I didn't use it on a table outside, I used it in both a stove and an open fire. Unlike your experiment the pellet in the basket burns down from the top not from the bottom up. I would never recommend burning wood pellet as you have described in your test. The reason being wood pellet needs a fumes fan or a very good chimney draught and air intake at a level that is not often found in a standard stove. When smoldering Wood Pellet has smoke that is so strong it burns your eyes and the smell certainly lingers.


----------



## goosebump (17 Sep 2009)

Peter C said:


> I didn't use it on a table outside, I used it in both a stove and an open fire. Unlike your experiment the pellet in the basket burns down from the top not from the bottom up. I would never recommend burning wood pellet as you have described in your test. The reason being wood pellet needs a fumes fan or a very good chimney draught and air intake at a level that is not often found in a standard stove. When smoldering Wood Pellet has smoke that is so strong it burns your eyes and the smell certainly lingers.

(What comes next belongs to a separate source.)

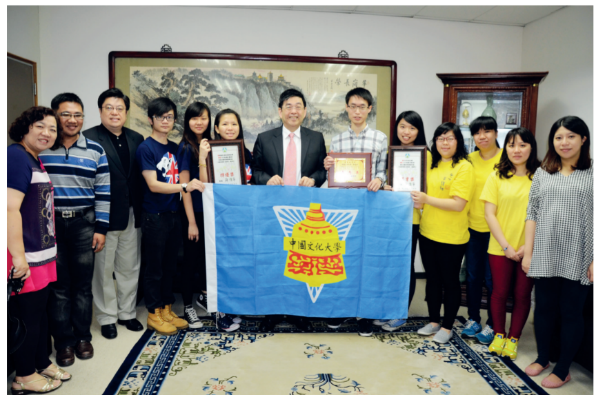
校長與獲獎社團同學合影

獲得本次卓越獎之自治組織幹部，教育部青年發展署得邀請於後續「自治組織發展與傳承研習營」擔任輔導員。此外，本次競賽評分標準中「校務參與及學生權益」和「財物制度」比例均佔15%以上，顯見本校學生會在這兩方面均表現優異。

I didn't have any issues with smoke or odour. Surely a stove shouldn't be allowing fumes to escape into the room?


----------



## Peter C (17 Sep 2009)

All stovs have the potential to allow fumes into the room, most stoves have airwash, some have tertiary air and all have a primary air intake, each point of air intake can also release smoke into the room though usually in the event of a poorly performing flue or negative air pressure (down draught), the primary reasons for the rule "A Stove Will Not Fix a Bad chimney"
If you think I am not being truthful about the pellet basket send me your name and address by P.M. and I will send it to you, all it will cost you is the postage which will be clearly displayed on the stamps and I will trust you to send me the money. Fair ?


----------



## goosebump (20 Sep 2009)

Peter C said:


> All stovs have the potential to allow fumes into the room, most stoves have airwash, some have tertiary air and all have a primary air intake, each point of air intake can also release smoke into the room though usually in the event of a poorly performing flue or negative air pressure (down draught), the primary reasons for the rule "A Stove Will Not Fix a Bad chimney"
> If you think I am not being truthful about the pellet basket send me your name and address by P.M. and I will send it to you, all it will cost you is the postage which will be clearly displayed on the stamps and I will trust you to send me the money. Fair ?



I don't think you're being untruthful. I just had a different experience. Maybe my stove is performing better than yours.

There doesn't seem to be any consensus on the issue. From what I can see, some have good experiences, some bad.


----------



## Peter C (22 Sep 2009)

Apologies for the poor grammer, sending a P.M. does not imply you think I am telling anything but the truth.
All it means is you would like to try the basket that I will not use again, like you say it may work for you.


----------



## vicar1 (27 Dec 2011)

Hello Goosebump, 
just wondering how the wood pellet basket worked out for you.I have a new solid fuel stove and would like to try wood pellets so any advice would be much appreciated! Currently using compressed sawdust briquettes which are great, but the pellets may be a little cheaper. 

any advice from anyone else gladly received too! 

thanks!


----------